Этот вкус она запомнила особенно хорошо.

Выйдя вперед, встает Ренэйст перед рассерженной толпой и, вглядываясь в лицо каждого, восклицает гневно:

– Что за безумие вижу я в стенах родного дома? Во что превратились вы? Не люди, не сыны Одина, а самые настоящие звери стоят предо мной! В наших ли нравах предаваться слабости? Не мы ли вершим суд, основанный на справедливости? Воинская честь для нас превыше всего, имя рода готовы омыть собственной кровью, и нам ли обгладывать друг другу кости, как голодным псам?!

Слова последние Ренэйст едва ли не кричит и дышит тяжело, словно загнанная лошадь. Лицо ее, все еще румяное от загара, раскраснелось еще больше, пряди коротких белых волос липнут к губам и щекам. Зло проводит она ладонью по своему лицу, отбрасывая мешающие волосы в сторону, и впивается взглядом в брата, стоящего подле нее:

– Наш отец выбрал меня своей наследницей потому, что суждения его о тебе были неправильными, – Ренэйст делает шаг, подходя ближе. – Но это не значит, что я не готова взять на себя ответственность за наш народ. Никто из нас не хочет отступать, и потому вижу я лишь один выход.

Лицо Витарра становится суровым, в его глазах появляется металлический блеск; он готов услышать, что меньшая сестра вызывает его на бой. Только вместо этого она кладет руку на его плечо, макушкой до этого самого плеча ему достающая, тонкая и совсем еще юная.

– Среди нашего народа часто бывало такое, что двое конунгов правили. Братья делили трон между собой, избегая междоусобицы. Чем же мы хуже, Витарр? Мы от одного чрева, одной крови. Наш союз сплотит народ, и сумеем мы избежать лишнего кровопролития.

Столь тихо в Великом Чертоге становится, или же это они шума вокруг себя не слышат? Смотрит Витарр в голубые глаза сестры, на ее белые ресницы, и все понять не может, что же она сейчас сказала. Рука ее на его плече неподъемным грузом кажется, раскаленным куском металла, прожигающим плоть до самых костей. Столько в ней силы, столько упрямства! Может он лишь кивнуть, соглашаясь с ней.

В самом деле, так было бы легче для всех. Делить власть между собой, в границах единого рода, для северян не впервой. Распри, возникшие на фоне выбора наследника, вполне легко можно пресечь, если обе стороны согласятся с подобным исходом.

Не того Витарр желал, это верно. Но, коль позволит это унять звериную жестокость, царствующую в их землях, то не может он не согласиться.

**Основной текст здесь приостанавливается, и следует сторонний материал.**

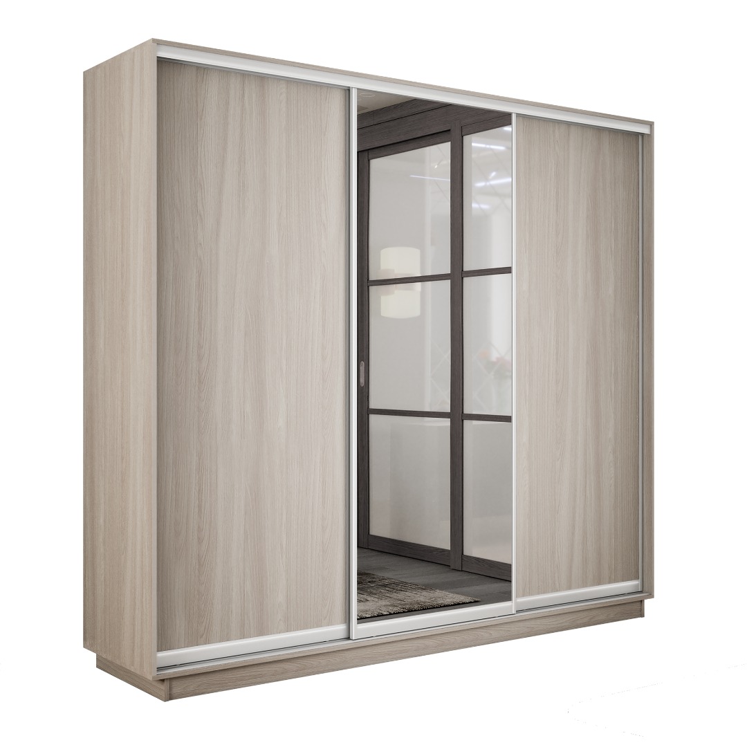 Шкаф-купе «Экспресс-2» 3-х дверный (ЛДСП/Зеркало) - Ясень Шимо светлый (E1)

– Нет исхода лучше, чем этот, – подхватывает Ове, силясь вразумить упрямцев, что не согласны с этим решением. – Довольно. И без того крови пролито достаточно, неужто не устали вы от смертей, лишенных чести?

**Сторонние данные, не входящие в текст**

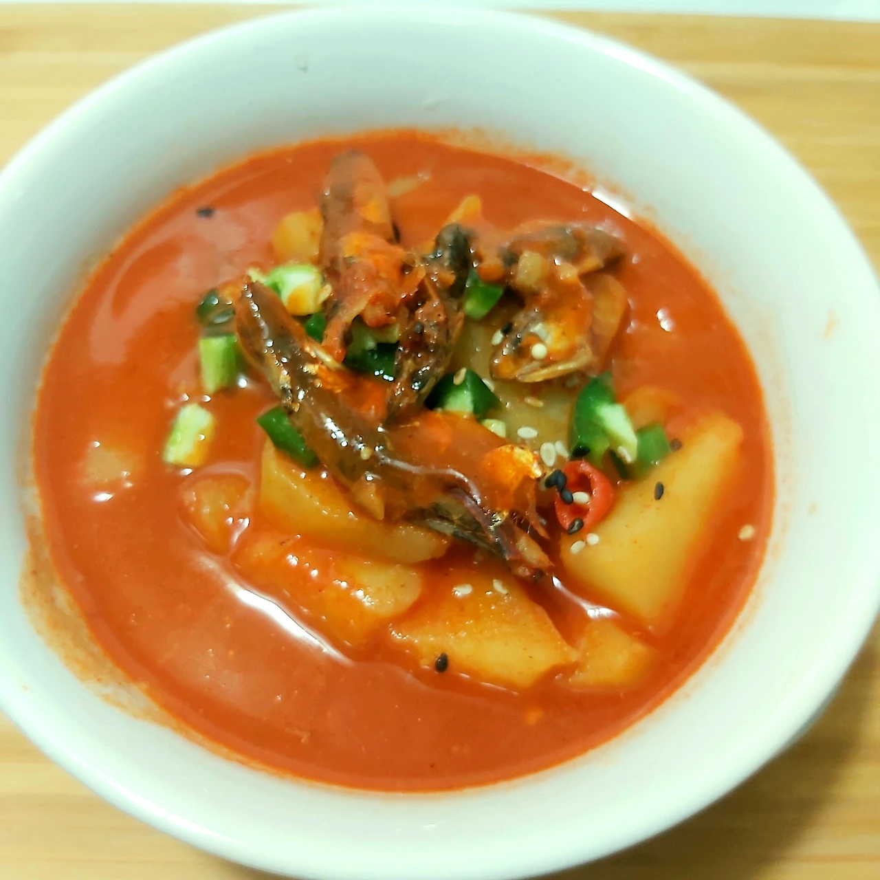 드디어 칼칼하고 구수한 감자 고추장찌개가 완성되었다. 냄비째 식탁으로 가져와 이미 때 늦은 식사를 시작했다.

В этот миг кажется Ренэйст, что все кончено. Что все предрешено, и ничто больше им не угрожает. Раз уж Витарр с ней согласен, могут ли люди пойти против их решения? Плечи ее расслабляются, и Белолунная позволяет себе легкую улыбку. Все смотрит она в глаза брата и словно бы говорит этим взглядом, что все хорошо:

«Все хорошо. Это закончится раз и навсегда».

Но в мире под Луной не может все быть столь просто. Тьма и холод глубоко корни пустили в людские души, сделали их грубыми и жестокими. И потому, вместо того чтобы принять необходимость подобного решения, проявить толику благоразумия, бо́льшая часть собравшихся в Великом Чертоге людей вспыхивает гневной бранью.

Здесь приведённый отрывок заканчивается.